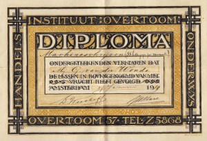 * Typediploma voor de latere schoonmoeder van Huib van Krimpen, Gellandina van der Woude (1900-1965). Prachtig uitgevoerd in een krullige stijl tussen jugendstil en art deco.
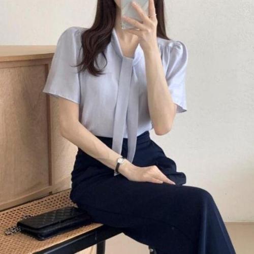 [신상오픈런]여성 기본 네크라인 리본 세미 반팔 셔츠
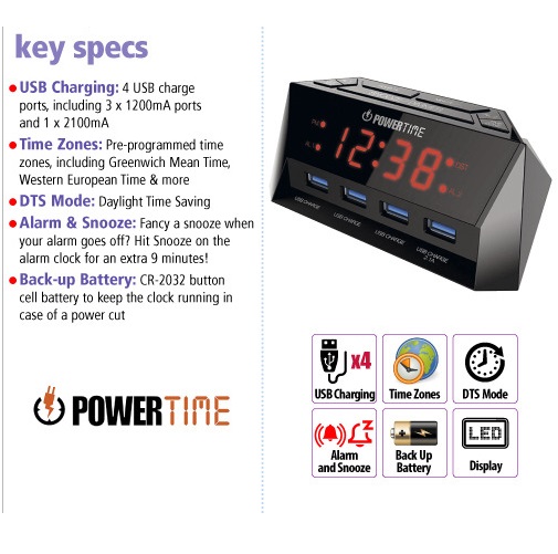 • Power Your Time – Not Only a Clock BEARE POWERTIME Charging Alarm Clock not only keeps you on track with its alarm and clock features, it also provides power to keep your devices fully charged. 0.6” white LED display for easy readability both day and night. Brightness levels can easily be adjusted by tapping the DIMMER button.

------------------------------------------------

Your goal:
Only the pictures are to be left out; copy all the remaining material above exactly.

Task response:
 * Typediploma voor de latere schoonmoeder van Huib van Krimpen, Gellandina van der Woude (1900-1965). Prachtig uitgevoerd in een krullige stijl tussen jugendstil en art deco.
 [신상오픈런]여성 기본 네크라인 리본 세미 반팔 셔츠
 • Power Your Time – Not Only a Clock BEARE POWERTIME Charging Alarm Clock not only keeps you on track with its alarm and clock features, it also provides power to keep your devices fully charged. 0.6” white LED display for easy readability both day and night. Brightness levels can easily be adjusted by tapping the DIMMER button.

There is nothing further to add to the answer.